Records from a data collection:
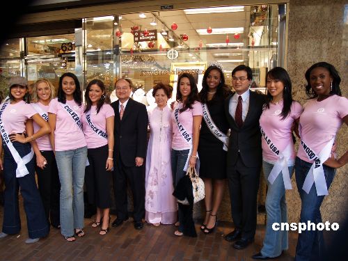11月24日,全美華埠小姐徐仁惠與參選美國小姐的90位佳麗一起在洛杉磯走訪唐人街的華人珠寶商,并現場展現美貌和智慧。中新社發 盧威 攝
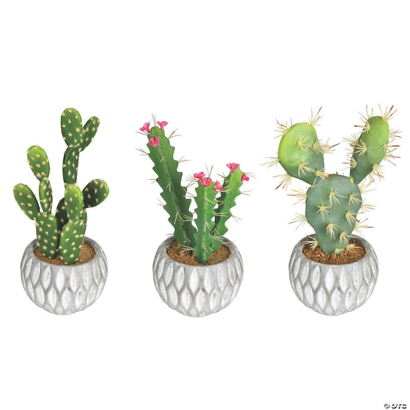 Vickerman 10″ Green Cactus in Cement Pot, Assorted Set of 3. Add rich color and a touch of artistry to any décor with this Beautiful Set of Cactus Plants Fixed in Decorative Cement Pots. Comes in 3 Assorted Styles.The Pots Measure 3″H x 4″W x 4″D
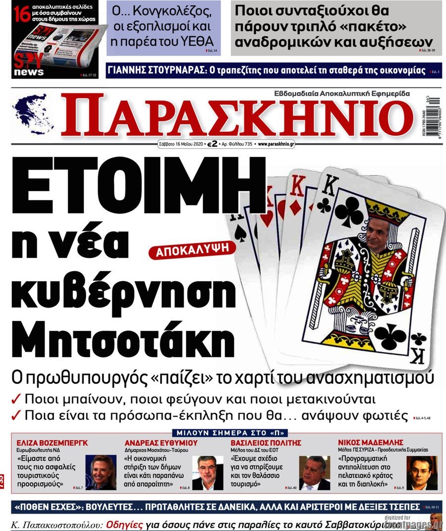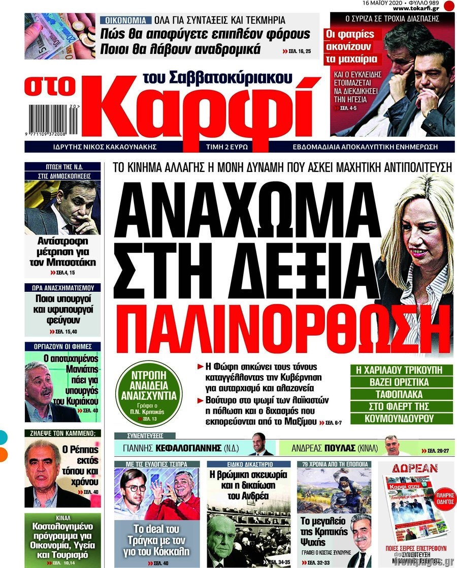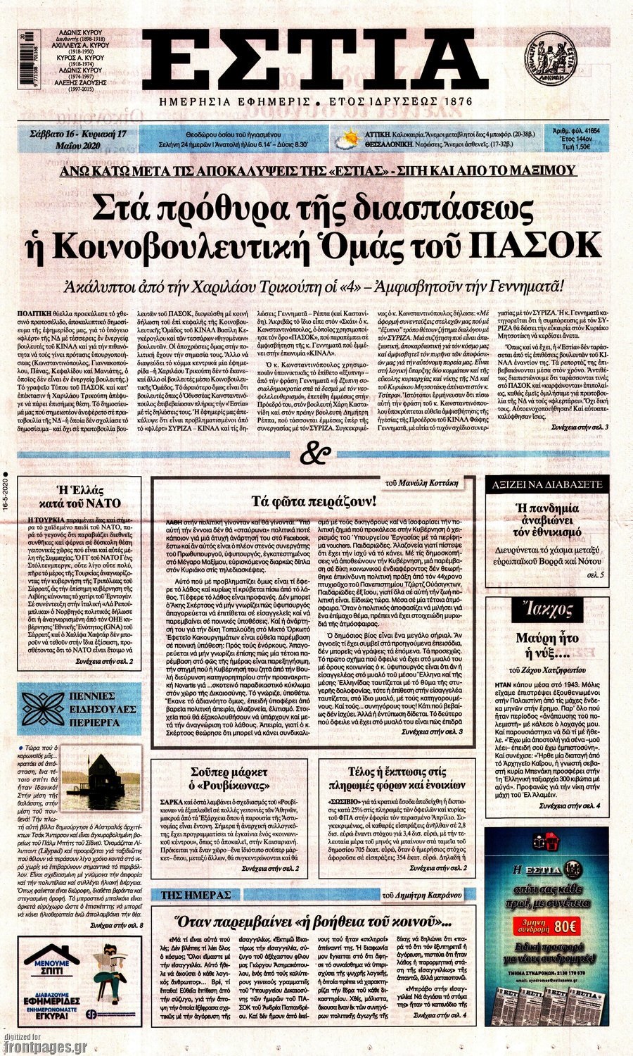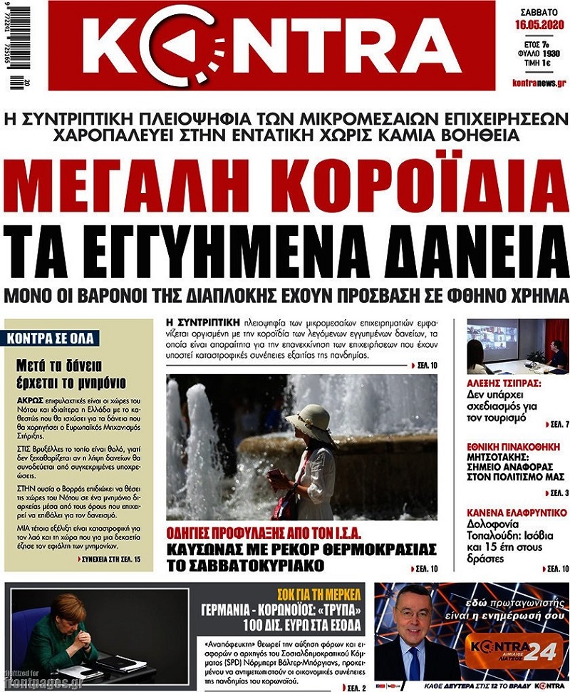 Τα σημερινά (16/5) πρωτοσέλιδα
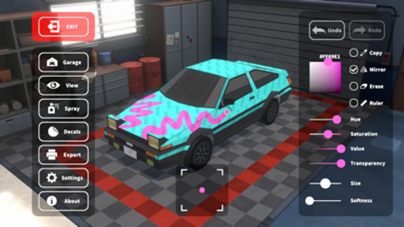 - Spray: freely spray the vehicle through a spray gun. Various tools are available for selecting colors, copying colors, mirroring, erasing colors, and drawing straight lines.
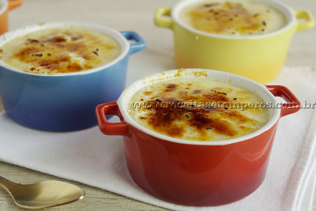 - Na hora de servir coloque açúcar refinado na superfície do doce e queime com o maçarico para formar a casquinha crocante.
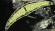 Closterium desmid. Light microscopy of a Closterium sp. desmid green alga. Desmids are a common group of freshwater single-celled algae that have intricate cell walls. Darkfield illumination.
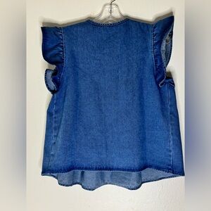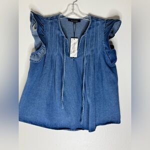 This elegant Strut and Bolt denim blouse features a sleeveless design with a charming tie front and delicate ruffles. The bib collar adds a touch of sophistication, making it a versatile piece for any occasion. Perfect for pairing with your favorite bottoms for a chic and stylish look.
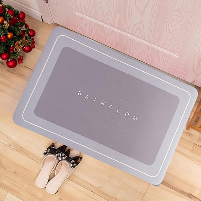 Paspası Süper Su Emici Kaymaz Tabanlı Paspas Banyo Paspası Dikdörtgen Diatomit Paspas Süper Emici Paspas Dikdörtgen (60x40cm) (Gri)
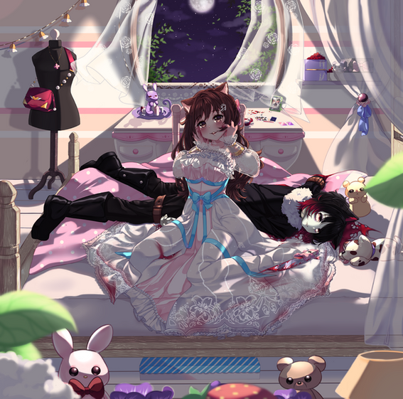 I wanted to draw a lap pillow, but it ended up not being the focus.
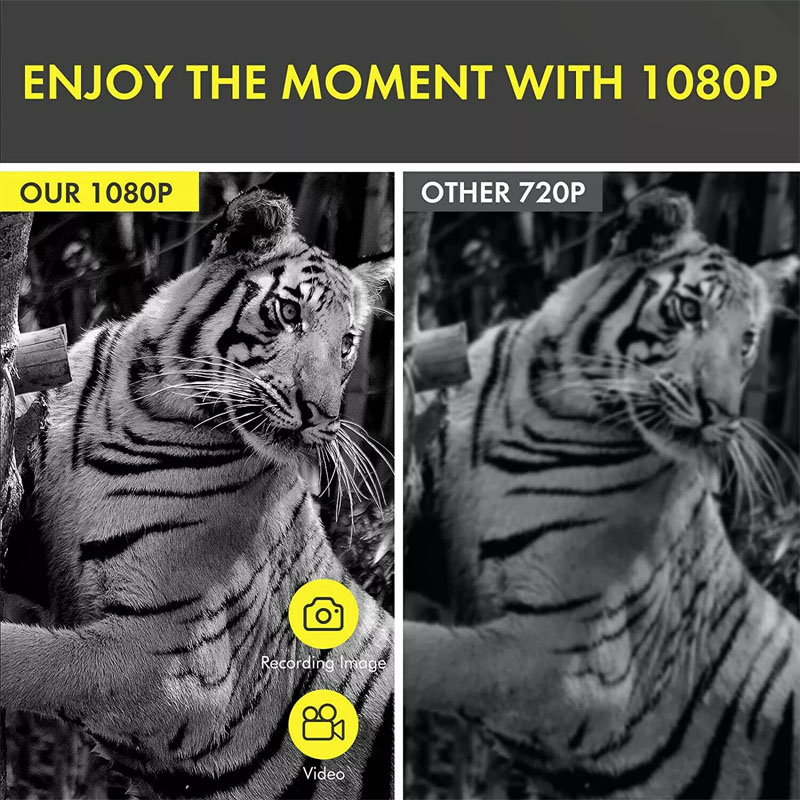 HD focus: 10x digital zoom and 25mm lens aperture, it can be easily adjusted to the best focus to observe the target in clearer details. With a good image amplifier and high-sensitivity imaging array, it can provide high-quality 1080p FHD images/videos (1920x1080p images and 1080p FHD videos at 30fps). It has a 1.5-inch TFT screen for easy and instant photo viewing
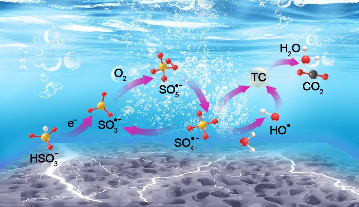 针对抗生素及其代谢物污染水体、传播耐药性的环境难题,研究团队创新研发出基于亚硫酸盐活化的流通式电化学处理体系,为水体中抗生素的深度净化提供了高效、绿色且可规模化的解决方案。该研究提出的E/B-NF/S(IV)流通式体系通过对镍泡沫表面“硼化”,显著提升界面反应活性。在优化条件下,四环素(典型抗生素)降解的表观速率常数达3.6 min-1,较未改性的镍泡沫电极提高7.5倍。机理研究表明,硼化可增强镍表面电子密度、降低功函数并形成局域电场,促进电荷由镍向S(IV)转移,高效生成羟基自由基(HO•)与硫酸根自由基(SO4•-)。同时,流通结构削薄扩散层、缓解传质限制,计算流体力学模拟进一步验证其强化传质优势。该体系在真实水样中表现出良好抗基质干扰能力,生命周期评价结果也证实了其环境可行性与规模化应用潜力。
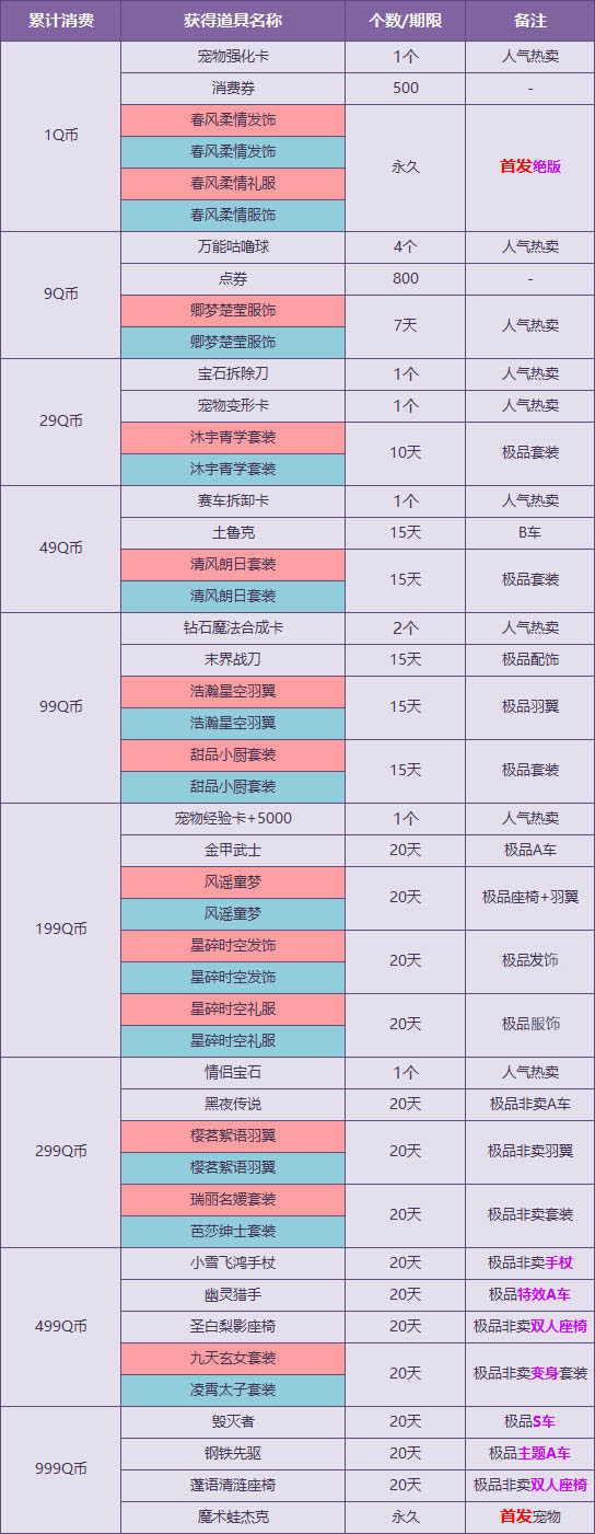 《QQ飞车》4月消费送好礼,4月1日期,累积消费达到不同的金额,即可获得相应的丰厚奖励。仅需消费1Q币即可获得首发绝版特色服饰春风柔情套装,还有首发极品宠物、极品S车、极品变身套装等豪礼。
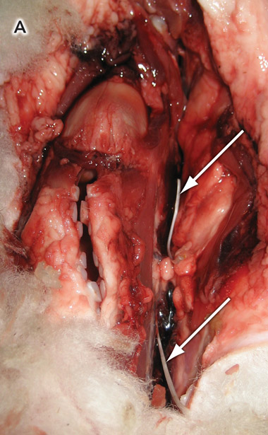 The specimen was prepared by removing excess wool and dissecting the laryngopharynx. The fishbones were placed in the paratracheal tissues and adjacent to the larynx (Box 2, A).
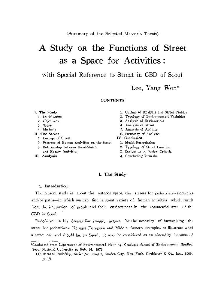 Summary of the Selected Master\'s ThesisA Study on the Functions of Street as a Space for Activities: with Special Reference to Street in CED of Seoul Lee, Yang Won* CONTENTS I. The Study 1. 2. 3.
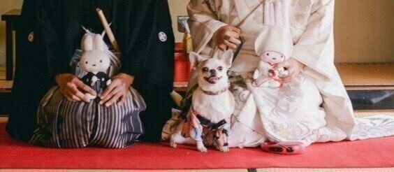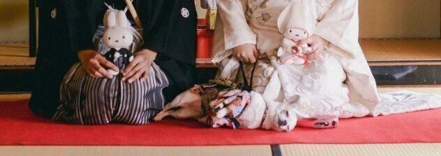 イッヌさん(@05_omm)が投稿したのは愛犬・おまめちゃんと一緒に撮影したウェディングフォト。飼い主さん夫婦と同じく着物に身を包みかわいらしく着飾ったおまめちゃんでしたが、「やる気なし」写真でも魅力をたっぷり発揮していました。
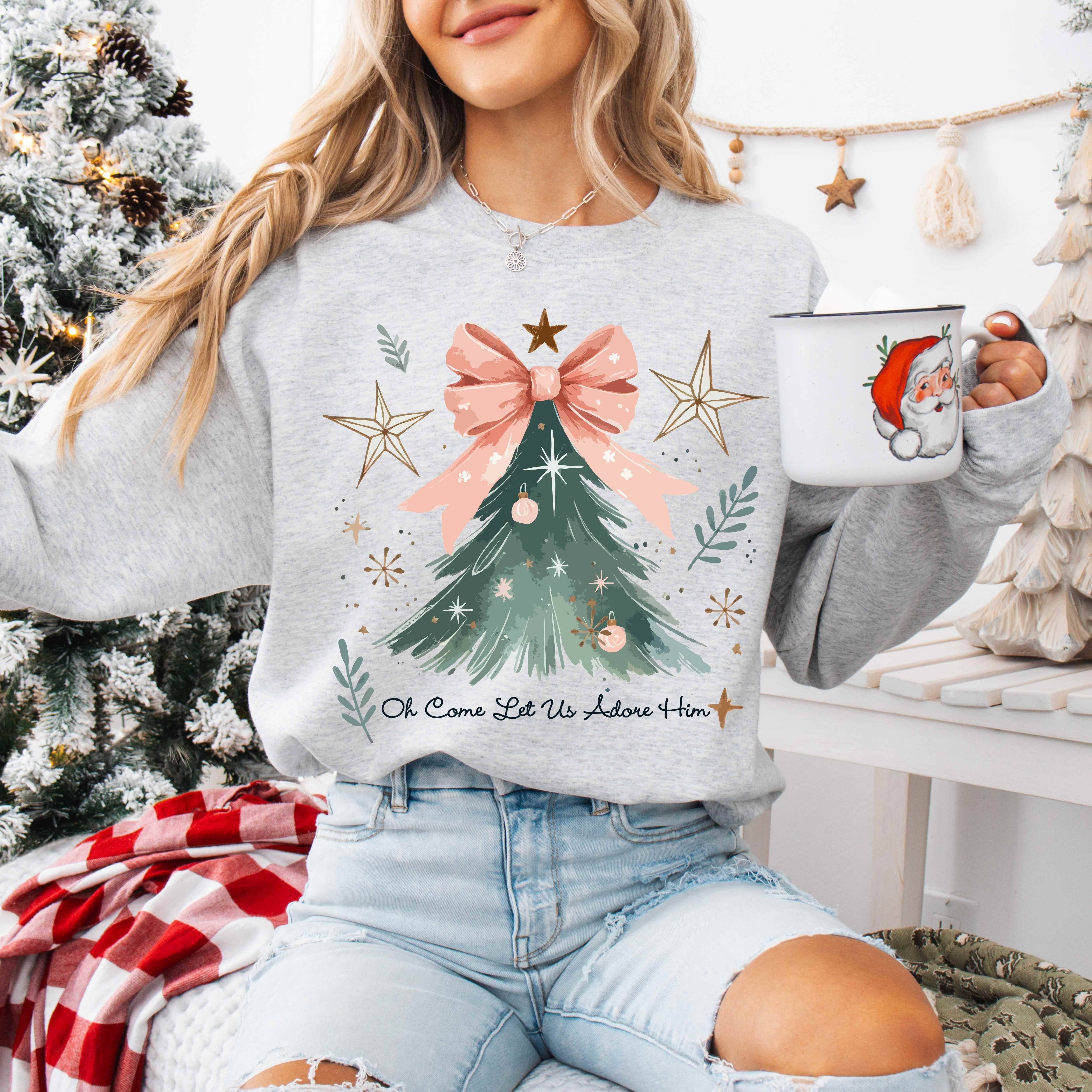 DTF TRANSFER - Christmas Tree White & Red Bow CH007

• **EXERCISE BRIEF**: The records above should be output exactly, but without any of their pictures.

• **ANSWER BELOW**:
11月24日,全美華埠小姐徐仁惠與參選美國小姐的90位佳麗一起在洛杉磯走訪唐人街的華人珠寶商,并現場展現美貌和智慧。中新社發 盧威 攝
 Vickerman 10″ Green Cactus in Cement Pot, Assorted Set of 3. Add rich color and a touch of artistry to any décor with this Beautiful Set of Cactus Plants Fixed in Decorative Cement Pots. Comes in 3 Assorted Styles.The Pots Measure 3″H x 4″W x 4″D
 Τα σημερινά (16/5) πρωτοσέλιδα
 - Spray: freely spray the vehicle through a spray gun. Various tools are available for selecting colors, copying colors, mirroring, erasing colors, and drawing straight lines.
 - Na hora de servir coloque açúcar refinado na superfície do doce e queime com o maçarico para formar a casquinha crocante.
 Closterium desmid. Light microscopy of a Closterium sp. desmid green alga. Desmids are a common group of freshwater single-celled algae that have intricate cell walls. Darkfield illumination.
 This elegant Strut and Bolt denim blouse features a sleeveless design with a charming tie front and delicate ruffles. The bib collar adds a touch of sophistication, making it a versatile piece for any occasion. Perfect for pairing with your favorite bottoms for a chic and stylish look.
 Paspası Süper Su Emici Kaymaz Tabanlı Paspas Banyo Paspası Dikdörtgen Diatomit Paspas Süper Emici Paspas Dikdörtgen (60x40cm) (Gri)
 I wanted to draw a lap pillow, but it ended up not being the focus.
 HD focus: 10x digital zoom and 25mm lens aperture, it can be easily adjusted to the best focus to observe the target in clearer details. With a good image amplifier and high-sensitivity imaging array, it can provide high-quality 1080p FHD images/videos (1920x1080p images and 1080p FHD videos at 30fps). It has a 1.5-inch TFT screen for easy and instant photo viewing
 针对抗生素及其代谢物污染水体、传播耐药性的环境难题,研究团队创新研发出基于亚硫酸盐活化的流通式电化学处理体系,为水体中抗生素的深度净化提供了高效、绿色且可规模化的解决方案。该研究提出的E/B-NF/S(IV)流通式体系通过对镍泡沫表面“硼化”,显著提升界面反应活性。在优化条件下,四环素(典型抗生素)降解的表观速率常数达3.6 min-1,较未改性的镍泡沫电极提高7.5倍。机理研究表明,硼化可增强镍表面电子密度、降低功函数并形成局域电场,促进电荷由镍向S(IV)转移,高效生成羟基自由基(HO•)与硫酸根自由基(SO4•-)。同时,流通结构削薄扩散层、缓解传质限制,计算流体力学模拟进一步验证其强化传质优势。该体系在真实水样中表现出良好抗基质干扰能力,生命周期评价结果也证实了其环境可行性与规模化应用潜力。
 《QQ飞车》4月消费送好礼,4月1日期,累积消费达到不同的金额,即可获得相应的丰厚奖励。仅需消费1Q币即可获得首发绝版特色服饰春风柔情套装,还有首发极品宠物、极品S车、极品变身套装等豪礼。
 The specimen was prepared by removing excess wool and dissecting the laryngopharynx. The fishbones were placed in the paratracheal tissues and adjacent to the larynx (Box 2, A).
 Summary of the Selected Master\'s ThesisA Study on the Functions of Street as a Space for Activities: with Special Reference to Street in CED of Seoul Lee, Yang Won* CONTENTS I. The Study 1. 2. 3.
 イッヌさん(@05_omm)が投稿したのは愛犬・おまめちゃんと一緒に撮影したウェディングフォト。飼い主さん夫婦と同じく着物に身を包みかわいらしく着飾ったおまめちゃんでしたが、「やる気なし」写真でも魅力をたっぷり発揮していました。
 DTF TRANSFER - Christmas Tree White & Red Bow CH007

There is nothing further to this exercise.